On voit assez que ce dernier feuillet était relatif à Marie Stuart elle-même, et lui prédisait sans doute son avénement au trône d'Angleterre et la restauration de l'Église dans ce royaume! On voit aussi par les termes de cette lettre qu'elle était un moyen détourné, ingénieusement trouvé par la haine d'une rivale prisonnière, pour faire à son ennemie tous les outrages qui pouvaient être le plus sensibles au cœur d'une reine et d'une femme. On s'étonne de tant d'audace et d'insulte sous la main d'une reine captive, à qui un mot d'Élisabeth pouvait rétorquer la mort; mais la mort en ce moment était moins terrible à Marie Stuart que la vengeance ne lui était chère. Quel spectacle pour l'histoire, que celui de ces deux reines, s'avilissant à l'envi dans ces rixes acharnées où l'une provoquait le supplice, où l'autre le tenait vingt ans suspendu sur la tête de sa rivale!
XXXI
Cependant l'Europe sur laquelle Marie Stuart avait compté, l'oubliait; mais elle n'oubliait pas l'Europe. Sa détention d'abord royale s'était resserrée de plus en plus à mesure qu'elle changeait de résidence. Elle décrit en termes pathétiques, à l'envoyé de Charles IX à Londres, les disgrâces de son avant-dernière prison:
«Elle n'est que de vieille charpenterie, écrit-elle, entr'ouverte de demy pied en demy pied, de sorte que le vent entre de tous costez en ma chambre, je ne sais comme il sera en ma puissance d'y conserver si peu de santé que j'ay recouverte; et mon médecin, qui en ha esté en extresme peine durant ma diette, m'ha protesté qu'il se déchargeroit tout à fait de ma curation, s'il ne m'est pourveu de meilleur logis, luy mesme me veillant durant ma dite diette, ayant expérimenté la froydure incroyable qu'il faisoit la nuit en ma chambre, nonobstant les estuves et feu continuel qu'il y avoit et la chaleur de la saison de l'année; je vous laisse à juger quel il y fera au milieu de l'hyver, cette maison assise sur une montagne au milieu d'une plaine de dix milles à l'entour, estant exposée à tous ventz et injures du ciel... Je vous prye luy faire requeste en mon nom (à la reine Élisabeth), l'asseurant qu'il y a cent païsans en ce meschant villaige, au pied de ce chasteau, mieuz logez que moy, n'ayant pour tout logis que deux méchantes petites chambres... De sorte que je n'ay lieu quelconque pour me retirer à part, comme je peux en avoir diverses occasions, ni de me promener à couvert: et pour vous dire, je n'ay esté oncques si mal commodée en Angleterre...»

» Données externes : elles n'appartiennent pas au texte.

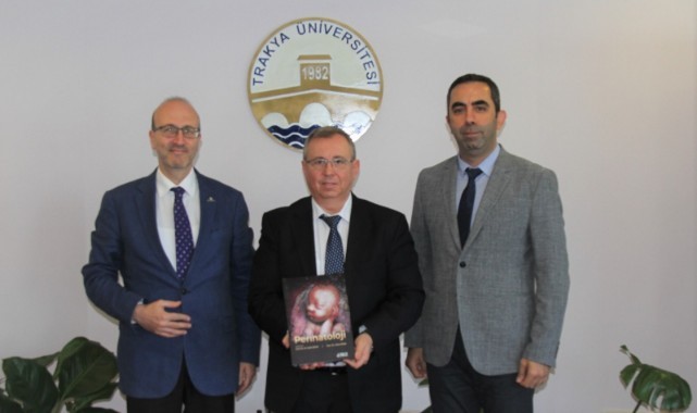 Trakya Üniversitesi Tıp Fakültesi Kadın Hastalıkları ve Doğum Ana Bilim Dalı Başkanı Prof. Dr. N. Cenk Sayın ve Doç. Dr. Cihan İnan editörlüğünü üstlendikleri, gebelik sırasındaki olumsuzlukları teşhis eden ve gerekli tedaviyi uygulayan uzmanlık dalı olan perinatoloji alanında hazırlanan kitaplarını, Trakya Üniversitesi Rektörü Prof. Dr. Erhan Tabakoğlu'na sundu.

Les serviteurs écossais et les compagnes de sa fuite et de sa captivité succombaient un à un à cette longue agonie des prisons. Elle y apprit, on ne sait si ce fut avec joie ou avec douleur, la mort de son mari Bothwell; après une vie errante sur les flots de la mer du Nord, où il avait repris, comme on l'a vu, l'infâme métier de pirate, Bothwell, surpris dans une descente sur la côte de Danemark et enchaîné dans le cachot d'une prison sur un écueil, était mort dans la démence; l'excès des oscillations de sa fortune, le miracle de son élévation, l'étourdissement de sa chute avaient ébranlé sa raison. Il la reprit cependant au moment d'expirer, et, soit puissance de la vérité, soit tendresse, il dicta à ses geôliers une justification de la reine dans la mort de Darnley; il prit tout sur lui: crime et expiation. La reine fut touchée de ce dévouement posthume qui lui rendait aux yeux de ses partisans l'innocence qu'elle ne recouvra jamais aux yeux de ses ennemis. Bothwell était trop chargé de crimes pour que sa bouche, même en mourant, fût le gage d'une vérité. Mais cette attestation était du moins un gage de son amour survivant à vingt ans de séparation et de supplice.